Exodie Roe: Sure, that’s a great question Tom. So as you said, I am new to the executive branch but I’m not new to serving small businesses. Prior to joining GSA, I was the director of policy and external affairs for the congressional black caucus and so I have worked on small business policy and worked directly with small businesses for over 14 years starting in Congressman Jerry McNerney ‘s office in a congressional California district office. And so now that I’m at OSDBU, my plans are for the agency is first and foremost we want to get an A-plus on the Small Business Administration small business procurement scorecard. We also want to make sure that we enhance small business opportunities by ensuring there’s a significant focus on diversity, equity and inclusion, the COVID-19 response, improving the economic recovery and supporting climate initiatives by educating the small business community on opportunities and by training the acquisition workforce on the importance and ease of utilizing small business programs. There’s also an executive order that we want to promote the use of historically black colleges and universities in the federal government procurement process. We also want to make sure that we expand OSDBU’s reach to the small business community throughout the country, specifically in economically disadvantaged areas. So I’m excited about this mission
Tom Temin: And just on a personal note are you moving to Washington or or were you already here for the committee work
Exodie Roe: Well Tom that’s a great question.

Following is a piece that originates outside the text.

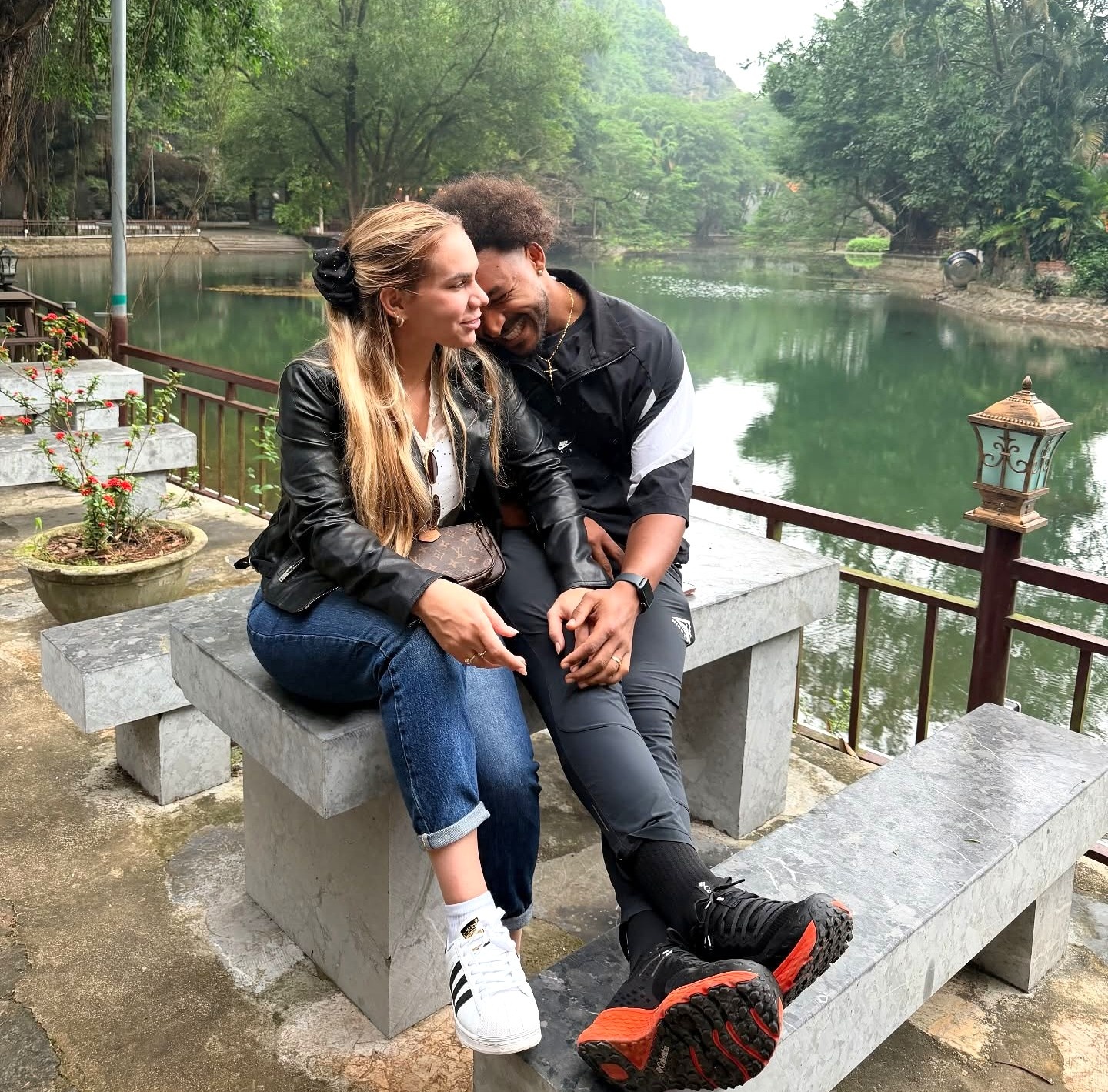 Chiều 30/10, Nguyễn Xuân Son chia sẻ trên trang cá nhân những hình ảnh cùng vợ trong chuyến du lịch tại Ninh Bình. Trong khung hình, nơi cả hai dừng chân là núi non trùng điệp. Tiền đạo sinh năm 1997 khoác áo thể thao tối màu, nở nụ cười rạng rỡ khi ôm vai người bạn đời trong khung cảnh yên bình.

I actually live in Washington D.C. — so again prior to joining GSA i actually worked worked on Capitol Hill.
Tom Temin: Okay, so you know what the good and bad is of this town.
Exodie Roe: A lot of good in this town. l love Washington D.C. and just all the resources here and all the free institutions and museums and so forth.
Tom Temin: There’s so much to do in D.C., well as someone who comes from a native Washingtonian family myself, I can agree with you there. Exodie Roe is the associate administrator for the Office of Small and Disadvantaged Business Utilization at GSA, thanks so much for joining me
Exodie Roe: Thank you so much Tom for having me, I appreciate it
Tom Temin: And Katy Kale is the acting administrator, great to have you on as well.
Katy Kale: It’s been great talking to you Tom, thank you again.